DIRECTIONS FOR THIS TASK
Your response to the data below should hold nothing except the lines from the one containing "Figura 3: La" down to the one containing "Im Schweizerhaus-Stil erbaut", reproduced exactly and without pictures.

GIVEN ENTRIES

Content starts

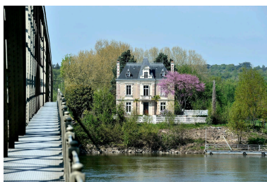
Vue depuis le pont des Lombardières.
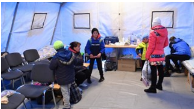
Refugiados de Ucrania en un punto de recepción móvil en el territorio del puesto de control de vehículos múltiples Shebekino en la región de Belgorod en la frontera ruso-ucraniana.

Swentr.site / Desde febrero, Rusia ha aceptado a millones de refugiados de Ucrania y los territorios recientemente incorporados al país, dijo un alto funcionario del Ministerio de Emergencias.
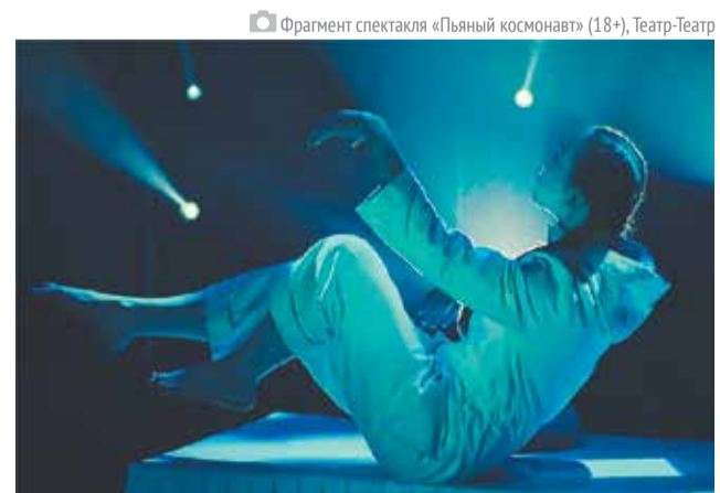
Фрагмент спектакля «Пьяный космонавт» (18+), Театр-Театр

Ранее «МОНОfest» проводился в мае. В прошлом году он стал последним фестивалем автора этого
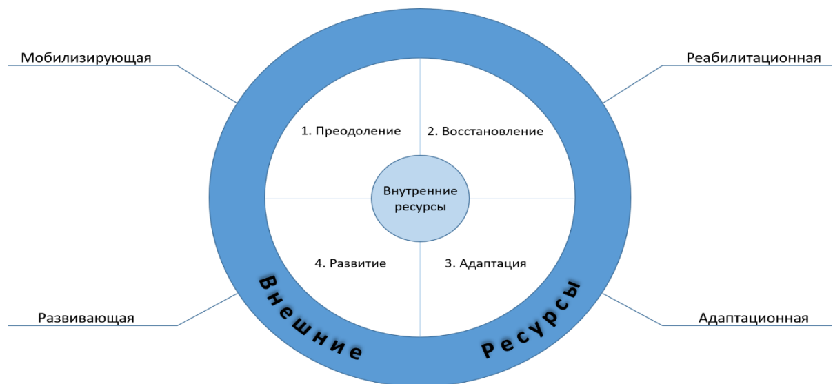
Рисунок 2 – Структурно-функциональная модель резильентности

Структурно-функциональная модель резильентности не только отражает конструкты и слагаемые, но и вскрывает их связи с выполняемыми функциями. Представленная нами модель при выявлении новых знаний в теории и практике резильентности может дополняться. Данная структурно-функциональная
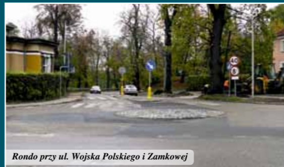
Rondo przy ul. Wojska Polskiego i Zamkowej
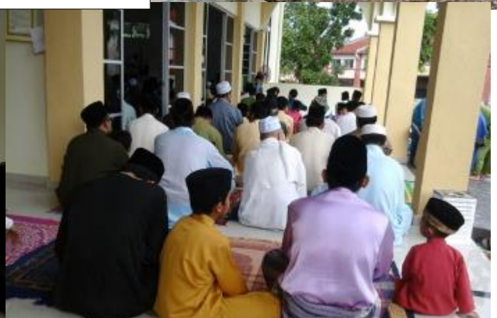
Jemaah yang ramai – solat raya
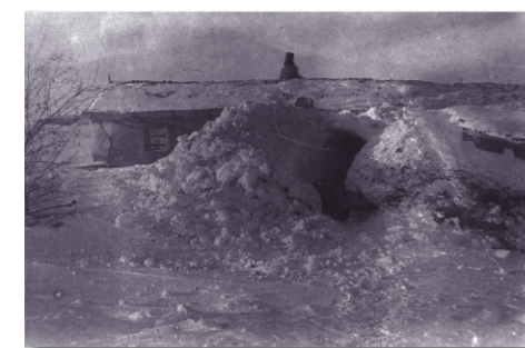
Zabudowania mieszkalne przeznaczone dla polskich obywateli deportowanych na tereny Kazachskiej SRS.

W Afryce założono kilka ośrodków, skupiających polskie władze oraz ok. 20 osiedli dla polskiej ludności, z których największymi były: Tengeru w Tanzanii (ówczesna Tanganika) oraz Masindi i Koja w Ugandzie. Po tragedii życia w Rosji Sowieckiej, w Afryce życie polskich uchodźców powoli wracało do normalności. Rozwijało się polskie szkolnictwo (w 1945 r. w 47 szkołach różnego stopnia uczyło się ponad 7 500 dzieci) i prężnie działało harcerstwo (w 1945 r. w 82 drużynach i 61 gromadach zachowawczych zrzeszonych było ok. 4 000 skautów). Dzieci odzyskiwały utracone dzieciństwo. Rozwijało się życie religijne i kulturalne (organizowano przedstawienia teatralne, działały chóry i orkiestry, uroczystości obchodzono polskie święta narodowe i religijne). Stosunki Polaków z miejscową ludnością były przyjazne. Po przeżyciach na zesłaniu, Afryka stała się dla ludności polskiej „rajem”, miejscem, gdzie bezpiecznie mogła przeczekać wojnę.
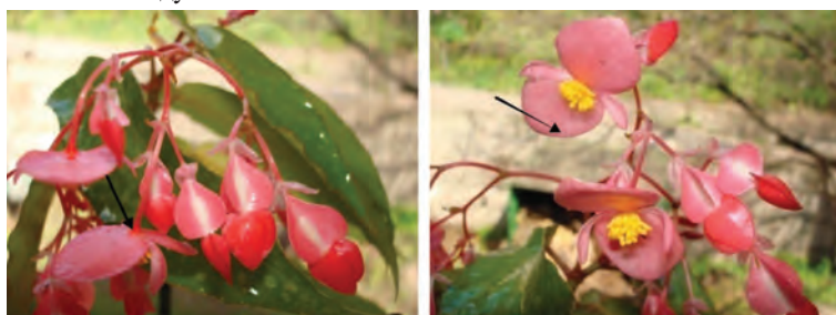
Рис. 2. Маточкові (А) та тичинкові (Б) квітки B. corallina

одиночку площі (рис. 3). Тому одним із напрямків наших досліджень було з'ясування зв'язку між наявністю кластерів прорихів та екологічною спеціалізацією того чи іншого виду бегоній.
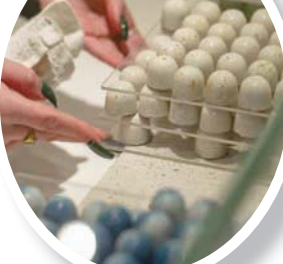
شركة «السلام بالشوكولاته» تشغل نحو 75 شخصاً (نيويورك تايمز)
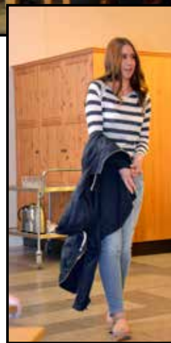
Vårens herr- och dammode, men även bröllopskläder presenterades vid modevisningen
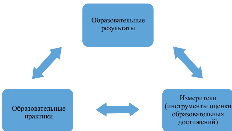
Рисунок 1. Схематическое изображение образовательной программы

и со стандартом профессиональной деятельности (руководителя образовательной организации в данном случае), и с оригинальным стандартом НИУ ВШЭ по направлению «Государственное и муниципальное управление». Первый стандарт выражен «линейкой»: обобщенная трудовая функция — трудовая функция — трудовое действие; второй — через компетенции. Если трудовые действия легко переводятся в набор проверяемых результатов, то соотнесение последних с компетенциями не самая тривиальная задача.
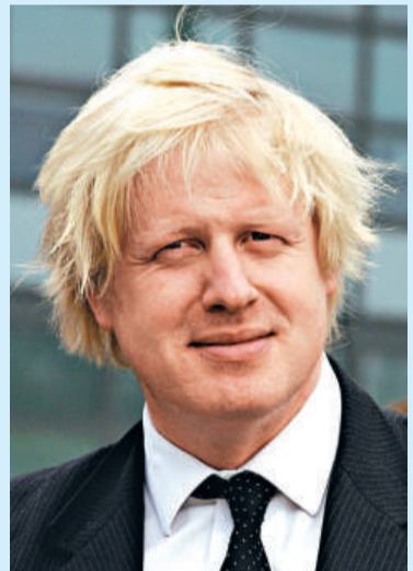
▲倫敦市長約翰遜承認他申請了好些項目的入場票，結果一張也沒能得到

【本報記者黃念斯倫敦二日電】倫敦2012奧運攪珠售票六月一日零時起結束，180萬申請奧運門票者有人歡喜有人愁，平均每7人當中有1人完全得不到票，倫敦市長約翰遜的申請也落空。
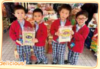
Rice can be used to make different foods, which are delicious! 米可以用來做成不同的食物，很美味哦！
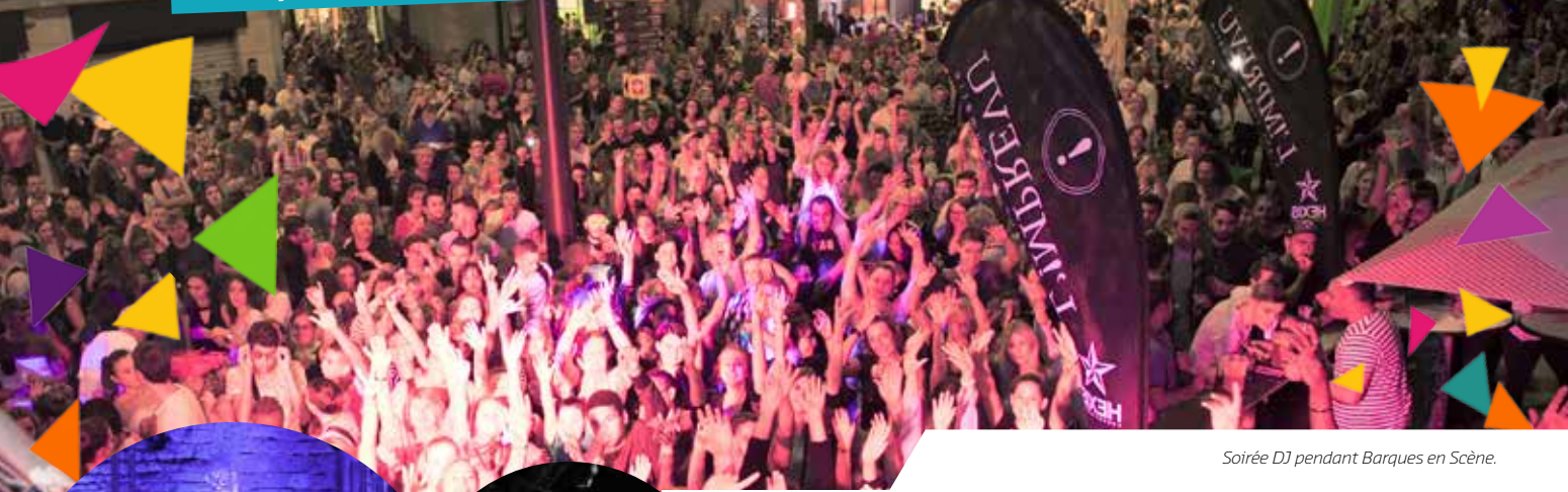
Soirée DJ pendant Barques en Scène.

Coup d'œil sur l'actualité récente et à venir !
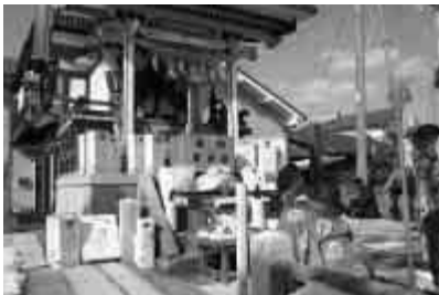
大漁と安全を祈願する恵美須神社のお祭り(11月14日)。あわせて、各家庭ではヨウカンをつくる風習がある。境内奥に鯨魂碑が祀られている。

東地区は、杵築市の南東部にあり、南は日出町と接し、東は別府湾の眺望美しい海に面した地域です。総人口は3,871人、高齢化率は27.3%(平成19年3月30日現在)。東小学校や健康福祉センターなどの公共施設のほか、守江港納屋泊地や加貫漁港といった海の玄関口もあり、終日賑わいに満ちた地域でもあります。また、熊野地区には、総区画数394区画の「ロイヤルシティ別府湾杵築リゾート」が開発され、市外から多くの転入者が移住、注目を集めています。
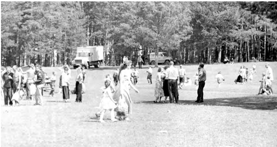
1993 г. Гуляние и отдых на Ургинском пруду. г. Талица.
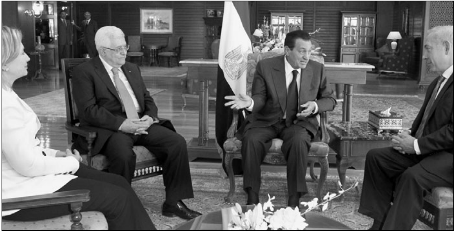
من (اليمن) رئيس الوزراء الاسرائيلي بنيامين نتيناهو والرئيس المصري حسني مبارك والرئيس الفلسطيني محمود عباس والى جانبه وزيرة الخارجية الامريكية هيلاري كليتون خلال قمة شرم الشيخ امس
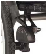
Hamulec na wys. kolan
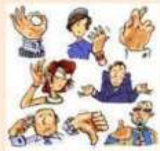
Comunicación No Verbal
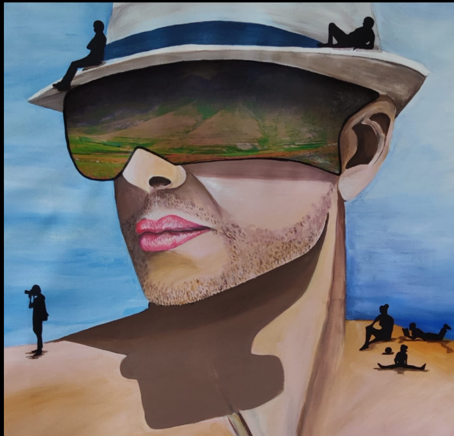
05 Contemplazioni (2020) acrilico su tela 60x90

Le terre in fiore di Norcia, fotografia di colore e sofferenza, qui si trasformano nella visiera, nell'immagine fissa di fronte agli occhi. L'osservazione è una vera e propria variazione della realtà visiva e mentale. Ad ognuno il proprio modo di guardare, purché ostacoli ogni forma di cecità.
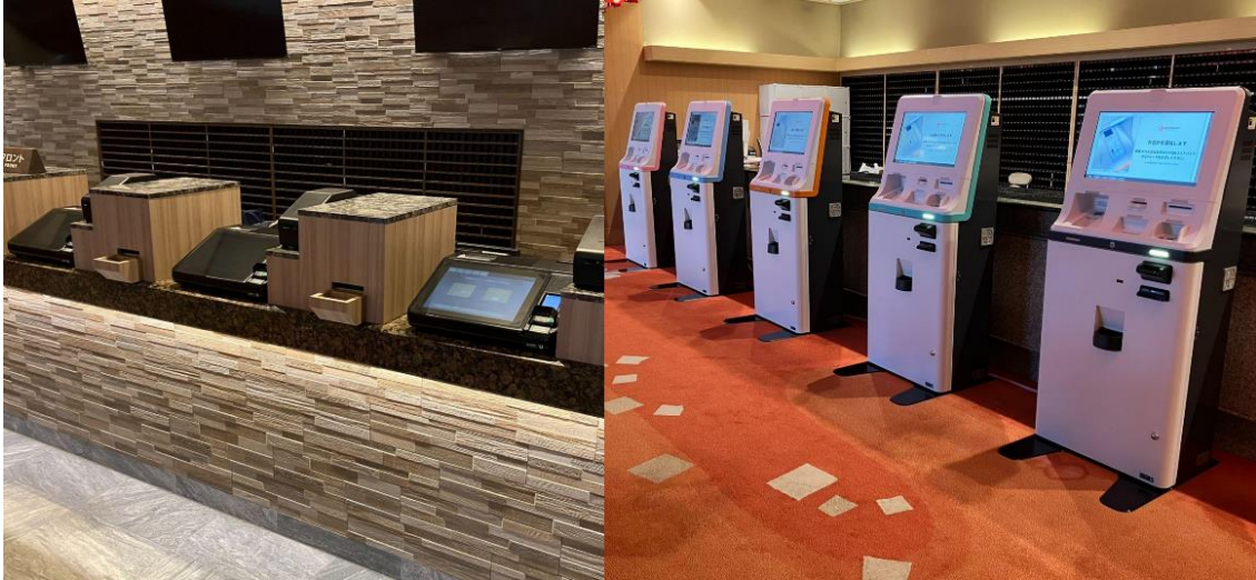
サービスサイト： 『KIOSK』 、 『FIT-A』
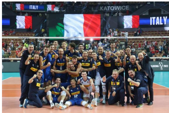
Figura 3: La formazione della nazionale italiana campione del mondo 2022

«È un risultato storico, non si vinceva un Mondiale da 24 anni e io ero in quella squadra... è stato veramente incredibile. Questi ragazzi mi hanno fatto vivere delle emozioni straordinarie, è stato come un passaggio generazionale da allenatore a giocatori, un lungo abbraccio con la maglia azzurra. Questi ragazzi si sono spesi in un progetto di crescita, sono giovani talentuosi e sono un motivo di fiducia e di speranza per il nostro paese, perché generano valore» (Ferdinando de Giorgi, 12 settembre 2022) 16 .
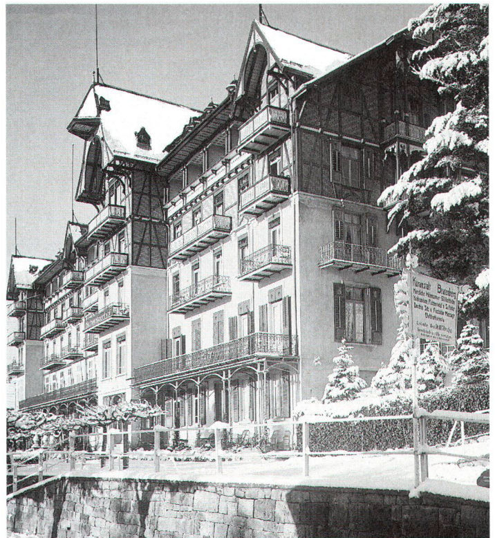
Im Schweizerhaus-Stil erbaut wurde das Hotel «Schweizerhof» in Beatenberg.

L'hôtel «Schweizerhof» du Beatenberg a été construit dans le style suisse.
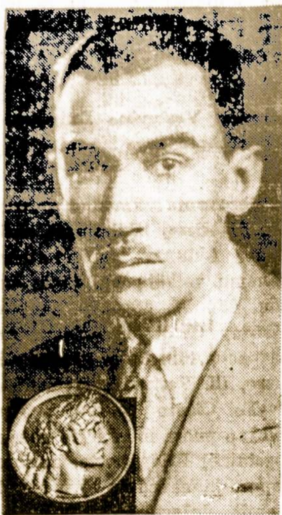
R. E. Sherwood, 44, creator of "Abe Lincoln in Illinois," will be awarded the gold medal of the National Institute of Arts and Letters for achievements in the field of drama. Presentation will be made in New York.
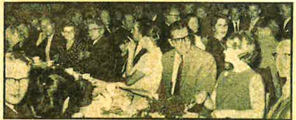
Der var spænding over forsamlingen, da lodtrækningen fandt sted.

Vedrørende campingmuligheder i Mosambique er de sådan, at man kan campere, hvor man vil. Der er indrettet mange campingpladser, og myndighederne står til turisternes rådighed. Man vil gøre alt for at skaffe turistene en vidunderlig ferie. Man
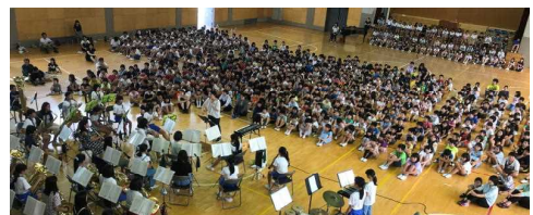
昨年度大会前、全校生への発表の様子

郡山市での合唱練習によるクラスター発生は衝撃的でした。“感染対策を徹底していたにもかかわらず…”です。このため、8月30日(日)に出場予定であった県合唱コンクールは、保護者の皆様の意向も確認した結果、出場を断念しました。これまで、出場に向けて練習を重ねていた子どもたちにはかわいそうですが、健康第一でやむを得ません。飛沫感染が懸念されることから、合奏部も併せて当面活動を休止することにしました。今後の状況にもよりますが、年度内に発表の場を設けることを検討しています。一方、陸上部は外での活動であることから、大会開催者の感染予防対策を確認した上で、参加を検討していきます。
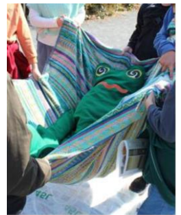
カエル人形搬送訓練の様子
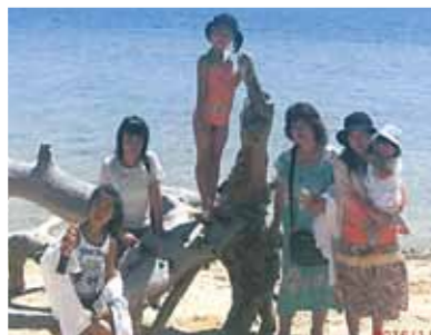
娘と孫3人、女だけの旅です!冬から夏へ、寒いねから暑いねへ。メイドさん達にも可愛がって貰い孫達も満足そうでした!
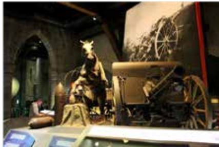
Sfeerbeeld - Flanders Fields Museum leper, foto Ch. Jennis.

foto's, filmbeelden en kaartmateriaal. Je daalt 6 meter af in een diepe Britse dugout, compleet heringericht met communicatie en verbandpost, pompkamer, hoofdkwartieren en slaapplekken. Men ervaart hoe de Britten als mollen onder de grond leefden. Eveneens een blikvanger is een netwerk van Duitse en Britse loopgraven in open lucht.
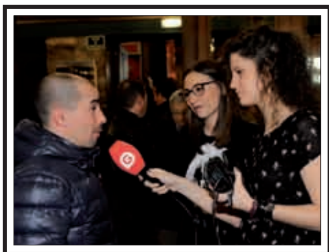
José Antonio López Bueno (Ex campeón mundial de Boxeo) entrevistado
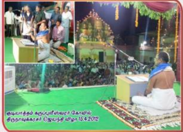
குடியாத்தம் கருப்பலீஸ்வரர் கோவில் சிஞ்ஞாவுக்கரசர் ஜெயந்தி விழா 15.4.2012
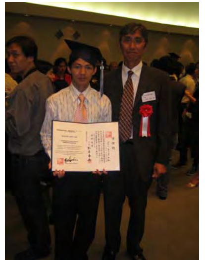
ラムさんとパーティーにて
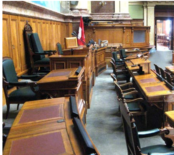
Stoll Picolines 585 auf der Bühne

Für die Bühne des Nationalratssaals wurden 23 Stück „Picoline 585“ und für die Tribüne (Zuschauerbereich) wurden 20 Stück „Picoline 490“ gefertigt. Durch die Massanfertigungen der Aluminiumgehäuse mit 40mm Breite, 58mm Tiefe und einer Länge von 490mm respektive 585mm wurde die Vorgabe einer kompakten Bauart erreicht. Die äusserst verzerrungsarmen Lautsprecher bewirkten eine signifikante Verbesserung des gemessenen Speech Transmission Index (STI).
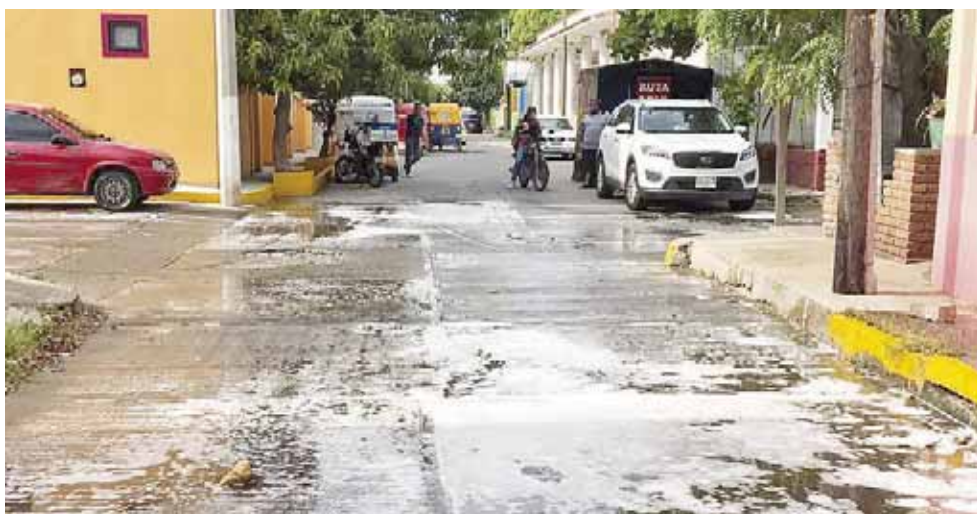
► La mezcla tiene efecto prolongado.

Finalmente mencionó que seguirán con esta actividad en la medida que la gente se comunique al número de la Subestación que es 9717112434 para que se programen los servicios, actualmente aún hay por lo menos 10 colonias en espera del apoyo.
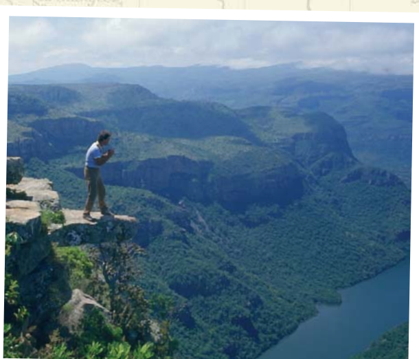
Blyde River Canyon
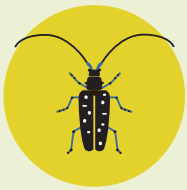
ĀZIJAS ŪSAINIS ( Anoplophora glabripennis )

Viens no svarīgākajiem ES augu veselības tiesību aktu mērķiem ir nepieļaut augiem vai augu produktiem kaitīgu organismu ieviešanu Eiropas Savienībā un to izplatīšanos.

Content ends

OUTPUT
Figura 3: La formazione della nazionale italiana campione del mondo 2022

«È un risultato storico, non si vinceva un Mondiale da 24 anni e io ero in quella squadra... è stato veramente incredibile. Questi ragazzi mi hanno fatto vivere delle emozioni straordinarie, è stato come un passaggio generazionale da allenatore a giocatori, un lungo abbraccio con la maglia azzurra. Questi ragazzi si sono spesi in un progetto di crescita, sono giovani talentuosi e sono un motivo di fiducia e di speranza per il nostro paese, perché generano valore» (Ferdinando de Giorgi, 12 settembre 2022) 16 .
Im Schweizerhaus-Stil erbaut wurde das Hotel «Schweizerhof» in Beatenberg.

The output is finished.